- [THE DATA]:
== Segment start ==
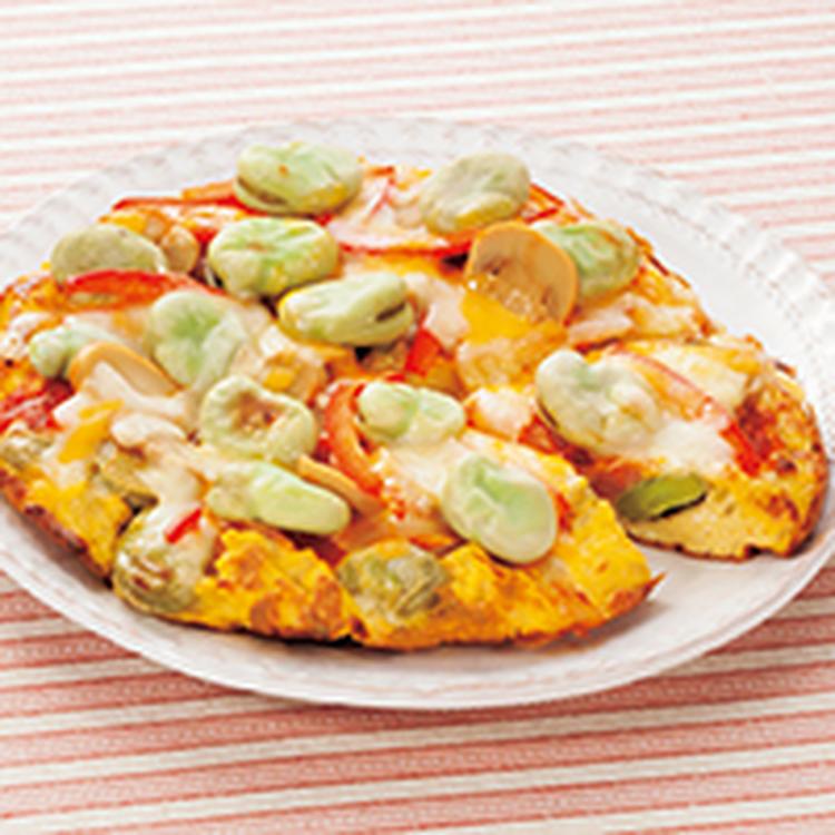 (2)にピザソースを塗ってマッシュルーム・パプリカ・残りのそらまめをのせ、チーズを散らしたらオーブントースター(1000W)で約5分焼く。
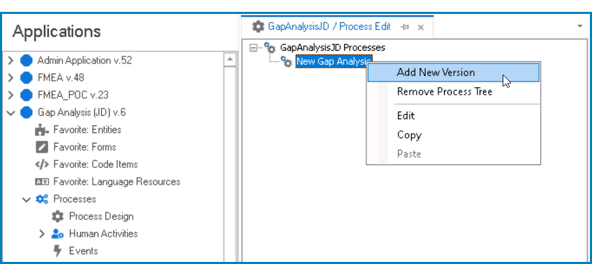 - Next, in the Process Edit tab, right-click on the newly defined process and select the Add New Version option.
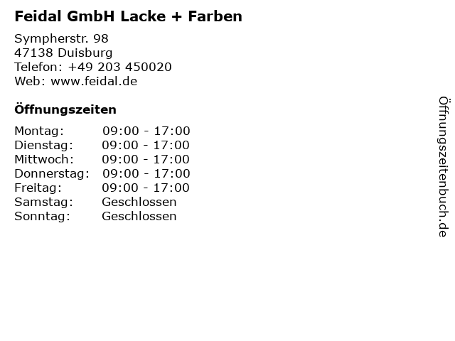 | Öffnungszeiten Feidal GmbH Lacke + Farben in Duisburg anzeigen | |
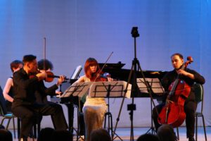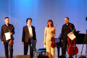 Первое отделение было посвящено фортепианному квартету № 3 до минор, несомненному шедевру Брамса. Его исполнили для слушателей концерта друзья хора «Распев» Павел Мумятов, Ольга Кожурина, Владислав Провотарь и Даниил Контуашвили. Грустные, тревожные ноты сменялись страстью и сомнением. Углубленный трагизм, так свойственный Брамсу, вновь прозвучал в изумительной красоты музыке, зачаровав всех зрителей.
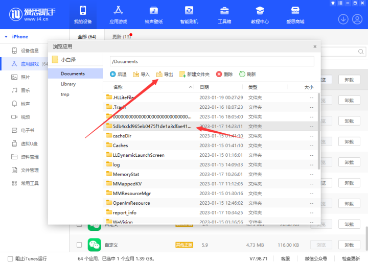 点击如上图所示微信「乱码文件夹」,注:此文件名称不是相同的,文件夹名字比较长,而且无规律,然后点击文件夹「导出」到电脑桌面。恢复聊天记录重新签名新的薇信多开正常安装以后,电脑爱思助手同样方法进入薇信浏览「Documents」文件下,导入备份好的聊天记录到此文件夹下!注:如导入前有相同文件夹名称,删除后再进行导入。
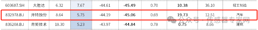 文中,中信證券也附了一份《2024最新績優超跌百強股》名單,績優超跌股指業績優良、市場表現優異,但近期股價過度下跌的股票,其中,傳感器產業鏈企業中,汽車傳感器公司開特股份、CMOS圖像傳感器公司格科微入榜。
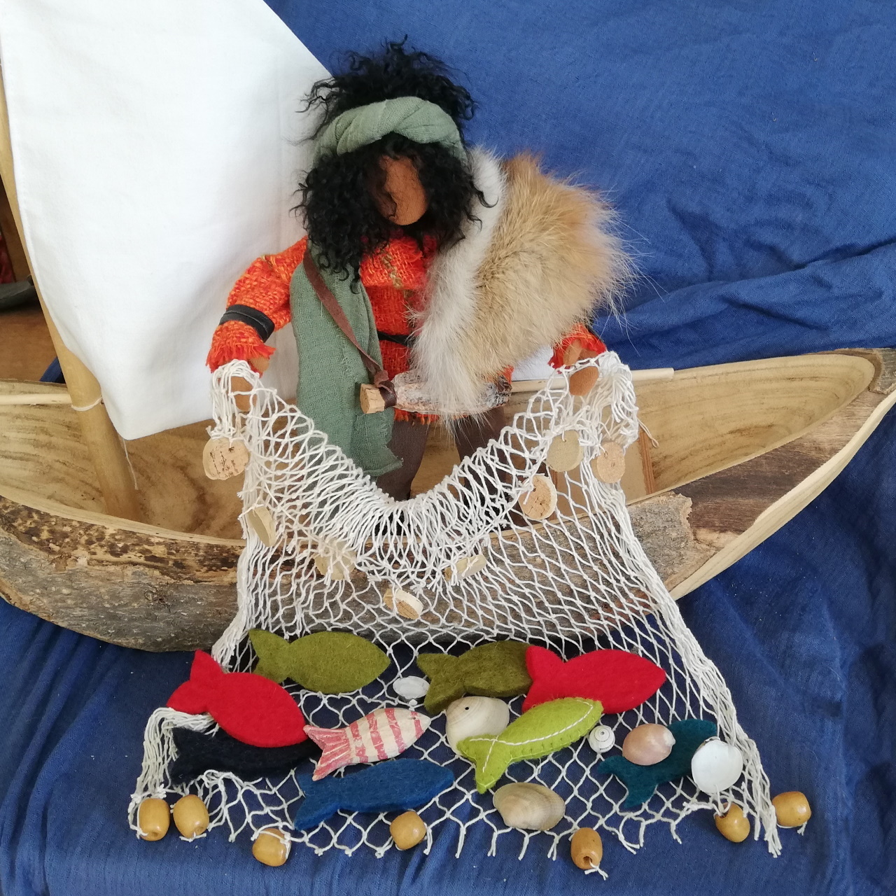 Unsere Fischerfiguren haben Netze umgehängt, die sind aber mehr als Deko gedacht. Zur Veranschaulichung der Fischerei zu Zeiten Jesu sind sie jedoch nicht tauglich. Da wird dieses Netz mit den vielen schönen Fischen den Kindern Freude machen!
== Segment end ==
== Segment start ==
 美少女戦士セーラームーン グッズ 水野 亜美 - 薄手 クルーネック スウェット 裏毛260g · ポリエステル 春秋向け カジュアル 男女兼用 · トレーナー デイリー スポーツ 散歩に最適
== Segment end ==
- [WHAT YOU WILL DO]:
Would you output the lines above from the line holding "anzeigen | |" up to and including the line holding "Unsere Fischerfiguren haben", exactly and only those, with no pictures?

- [RESULT BELOW]:
 | Öffnungszeiten Feidal GmbH Lacke + Farben in Duisburg anzeigen | |
 Первое отделение было посвящено фортепианному квартету № 3 до минор, несомненному шедевру Брамса. Его исполнили для слушателей концерта друзья хора «Распев» Павел Мумятов, Ольга Кожурина, Владислав Провотарь и Даниил Контуашвили. Грустные, тревожные ноты сменялись страстью и сомнением. Углубленный трагизм, так свойственный Брамсу, вновь прозвучал в изумительной красоты музыке, зачаровав всех зрителей.
 点击如上图所示微信「乱码文件夹」,注:此文件名称不是相同的,文件夹名字比较长,而且无规律,然后点击文件夹「导出」到电脑桌面。恢复聊天记录重新签名新的薇信多开正常安装以后,电脑爱思助手同样方法进入薇信浏览「Documents」文件下,导入备份好的聊天记录到此文件夹下!注:如导入前有相同文件夹名称,删除后再进行导入。
 文中,中信證券也附了一份《2024最新績優超跌百強股》名單,績優超跌股指業績優良、市場表現優異,但近期股價過度下跌的股票,其中,傳感器產業鏈企業中,汽車傳感器公司開特股份、CMOS圖像傳感器公司格科微入榜。
 Unsere Fischerfiguren haben Netze umgehängt, die sind aber mehr als Deko gedacht. Zur Veranschaulichung der Fischerei zu Zeiten Jesu sind sie jedoch nicht tauglich. Da wird dieses Netz mit den vielen schönen Fischen den Kindern Freude machen!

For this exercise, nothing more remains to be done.